Understanding the Meteor Stack
Architecture Overview
Meteor uses a pub/sub model with a distributed data protocol (DDP) over WebSockets. It syncs MongoDB data reactively to clients using live queries. Each client's subscription is tracked on the server, consuming memory and CPU.
Common Symptoms of Reactive Overload
- High server memory usage per connected client
- MongoDB CPU spikes with no write-intensive workload
- Excessive CPU usage in Node processes during idle periods
- Laggy or frozen clients during updates to unrelated data
Root Causes of Meteor Performance Degradation
1. Over-Subscribing to Data
Clients subscribing to multiple publications with overlapping or unbounded queries cause excessive reactive invalidation tracking.
2. Inefficient MongoDB Queries in Publications
Using large fetches or non-indexed fields in publications results in full collection scans. Every document update triggers reactivity on all matching clients.
3. Memory Bloat from LiveQuery Observers
Each subscription creates a LiveQuery observer on the server. Poorly scoped queries (e.g., {}
) can spawn observers that hold thousands of documents in memory per user.
4. DDP Message Flooding
Frequent database writes or user-generated updates flood the DDP channel with update messages, overwhelming the client and the network transport layer.
Diagnostic Strategies
Step-by-Step Troubleshooting Flow
- Enable Meteor APM: Use tools like Kadira, Monti APM, or Meteor APM to track publication performance.
- Monitor MongoDB queries: Enable
profilingLevel: 2
on MongoDB and inspect slow queries related to publications. - Profile subscriptions: Log active subscriptions and their associated query selectors. Look for overbroad queries.
- Check LiveQuery handles: Use
Meteor.server._publishHandlers
and custom logging to track active observers. - Use heap snapshots: Attach Chrome DevTools or Node inspector to analyze memory growth in the server process.
Example: Logging Subscription Selectors
Meteor.publish('orders', function() { console.log('Subscription from:', this.userId); return Orders.find({ status: 'active' }); });
Common Pitfalls
- Subscribing to entire collections without pagination
- Not cleaning up subscriptions on client-side route changes
- Failing to use
fields
projection in publications - Overusing
observeChanges
in server-side methods for live dashboards
Remediation and Long-Term Fixes
1. Optimize Publications
Scope queries tightly. Always project with fields
to reduce payload size. Paginate results using limit
and skip
patterns.
2. Switch to Methods for Non-Reactive Data
Use Meteor methods to fetch static data that does not require real-time updates. This avoids LiveQuery overhead entirely.
3. Throttle Writes to Reduce DDP Overhead
Batch writes or debounce client actions that trigger database updates.
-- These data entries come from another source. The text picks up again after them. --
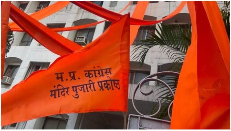 ഭോപ്പാൽ : മധ്യപ്രദേശ് സംസ്ഥാന കൊണ്ഗ്രെസ്സ് കമ്മിറ്റി ഓഫീസിൽ പുതിയ വേഷം കെട്ടലുമായി കേൺഗ്രെസ്സ് നേതാവ് കമൽ നാഥ്. പേരിനു പോലും കൊണ്ഗ്രെസ്സ് പതാക കാണാനില്ല. കമൽ നാഥ് നേതാക്കൾ കയ്യിൽ കാവി നിറത്തിലുള്ള ചരടും കെട്ടിയിരിക്കുന്നു.കൊണ്ഗ്രെസ്സ് ഓഫീസിനെ ഹിന്ദു സംഘടനാ ഓഫീസ് പോലെ കാവി പുതപ്പിച്ചു കൊണ്ട് ജങ്ങളെ കബളിപ്പിക്കാൻ ശ്രമിക്കുകയാണ് മധ്യപ്രദേശ് കൊണ്ഗ്രെസ്സ് നേതൃത്വം.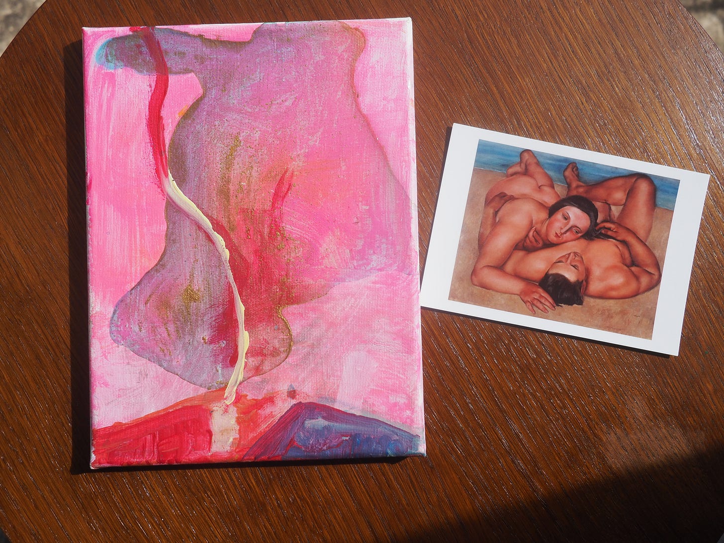 Slow Dance On EtnaLoaf_cozhengMay 05, 2025ShareTranspersonal Making Team, Slow Dance on Etna, acrylic on canvas 2024, ETNA04-CT001 18cm x 24 cmThe painting next to the postcard (10.5 x 15 cm) of a Josep de Togores Couple à la plage in Museum Reina Sofia in Madrid.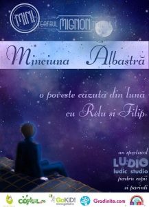 La ceas de seară, căzută de pe cerul înstelat, Doamna Luna ne șoptește povestea minciunii albastre desprinsă din peripețiile lui Relu și Filip. Cei doi frați, îndrumați de un prieten neobișnuit, pornesc într-o aventură în care doar adevărul îi mai poate salva, pe ei si pe părinții lor, de albăstreala buclucașă. O poveste presărată cu teatru de umbre, puțină aventură, teatru de păpuși, și un strop de magie…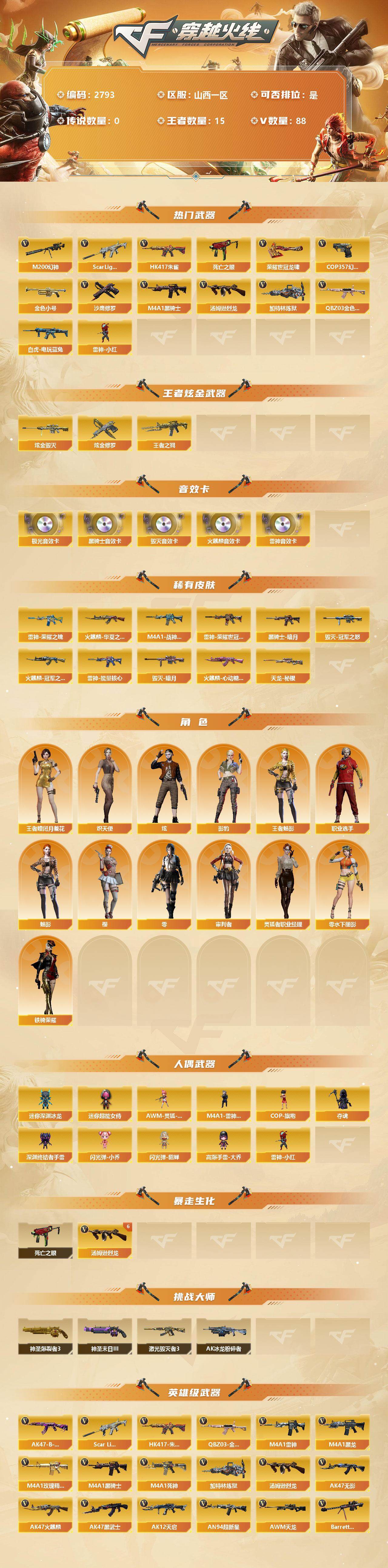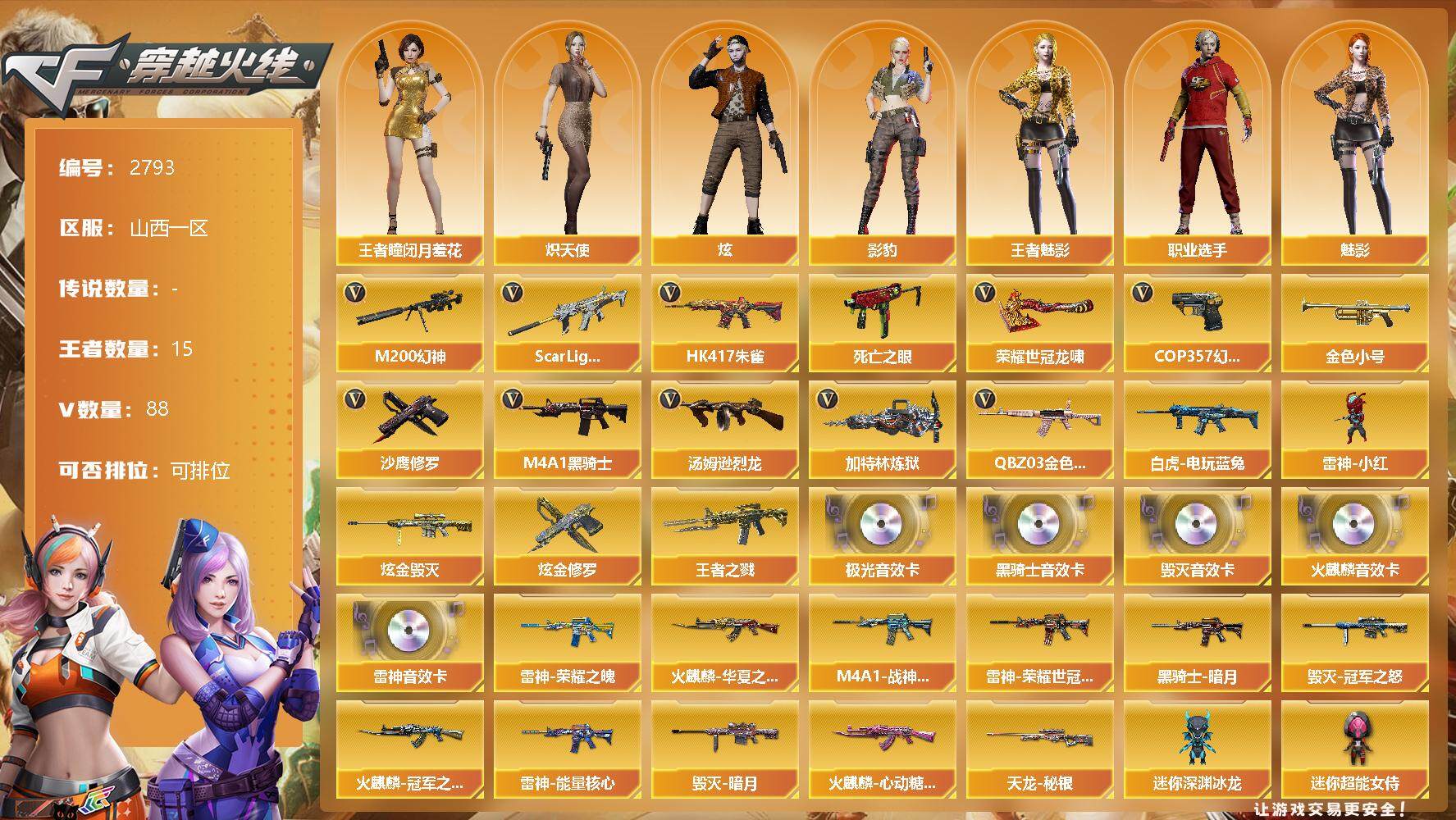 [12748327]山西一区-88V-15王者-2炫金 【热门武器】:QBZ03-金色蔷薇,Scar Light-白虎,HK417-朱雀,M200-幻神,死亡之眼,白虎-电玩蓝兔,金色小号,M4A1-黑骑士,汤姆逊-烈龙*6,加特林-炼狱,雷神-小红,COP 357-幻灵,沙鹰-修罗*4,荣耀世冠-龙啸 【王者炫金武器】:炫金毁灭,炫金修罗,王者之戮 【音效卡】:AK47-火麒麟音效卡,M4A1-雷神音效卡,M4A1-黑骑士音效卡,Barrett-毁灭音效卡,Barrett-极光音效卡 【稀有皮肤】:雷神-能量核心,雷神-荣耀之魄,M4A1-战神赵云,雷神-荣耀世冠AG,火麒麟-冠军之心,火麒麟-华夏之心,火麒麟-心动糖果,黑骑士-暗月,毁灭-暗月,毁灭-冠军之怒,天龙-秘银 【角色】:王者-瞳-闭月羞花,王者-魅影,灵狐者-职业经理,零-水下丽影,审判者,零,樱,魅影,炫,影豹,炽天使,铁骑荣耀,职业选手 【人偶武器】:雷神-小红,AWM-灵狐-15周年嘉年华,M4A1-雷神-精英刀锋,COP-旗袍,迷你深渊冰龙*2,迷你超能女侍,夺魂,深渊终结者手雷,闪光弹-小乔,闪光弹-貂蝉,高爆手雷-大乔 【暴走生化】:死亡之眼 【挑战大师】:神圣爆裂者III,神圣爆裂者-末日III*2,激光毁灭者III,AK47-冰龙粉碎者 【英雄级武器】:M4A1-幻灵,COP 357-幻灵,幻灵之锋,荣耀世冠-龙啸,烈火-动感闪耀,天神-动感闪耀,屠龙-动感闪耀,手雷-动感闪耀,QBZ03-金色蔷薇,Scar Light-白虎,HK417-朱雀,白虎-电玩蓝兔,无影-神兵利器,M4A1-雷神*2,M4A1-黑龙,M4A1-玫瑰精灵,M4A1-黑骑士,M4A1-死神,加特林-炼狱,汤姆逊-烈龙*6,AK47-无影,AK47-火麒麟*2,AK47-黑武士,AK12-天启,AN94-超新星,AWM-天龙,Barrett-毁灭*2,Barrett-极光,AWM-裁决,M200-幻神,M4A1-千变,AK-47-猩红传说*2,AK47-B-战神,AK47-B-常胜将军,M4A1-赤狱骑士,沙鹰-天神,沙鹰-修罗*4,麒麟刺,擎天*3,龙啸*2,屠龙*3 【特殊枪械】:1白虎,1黑骑士,6烈龙,1炼狱

Consider using meteorhacks:unblock
to free fibers for high-throughput methods.
4. Use Redis Oplog and Scaling Tools
Use cultofcoders:redis-oplog
to offload LiveQuery invalidation logic to Redis, improving pub/sub performance significantly at scale.
Best Practices
- Always use query indexes in publications
- Limit use of reactive joins; pre-process data where possible
- Use
onStop
hooks to clean up long-lived observers or background tasks - Test with realistic load using tools like meteor-down or Artillery
Conclusion
Meteor's reactive architecture is powerful but demands discipline at scale. Without carefully scoped publications and subscription hygiene, applications may experience memory leaks, CPU overload, or client instability. By auditing subscriptions, optimizing publication queries, and adopting non-reactive patterns for static content, teams can build resilient Meteor applications that maintain performance under high concurrency. Integrating Redis oplog and proper monitoring completes a production-grade Meteor deployment.
FAQs
1. How can I detect if my app has too many LiveQuery observers?
Use APM tools or custom logging to track active publication observers. If each user session opens multiple long-lived subscriptions, memory will grow rapidly.
2. Why is MongoDB CPU usage high in my Meteor app?
Unindexed queries or reactive re-fetching from publications can cause MongoDB to scan large collections frequently. Ensure proper indexes and avoid over-broad selectors.
3. Can I disable reactivity for certain data?
Yes. Use Meteor methods for one-time fetches or static content. This bypasses DDP and LiveQuery completely.
4. Is Redis oplog suitable for all Meteor apps?
Redis oplog is ideal for apps with high read and write volumes. It significantly improves scalability but adds Redis as an infrastructure dependency.
5. How do I simulate production load in Meteor?
Use tools like meteor-down or Artillery to simulate concurrent connections and subscription behavior. Combine with APM metrics to profile performance.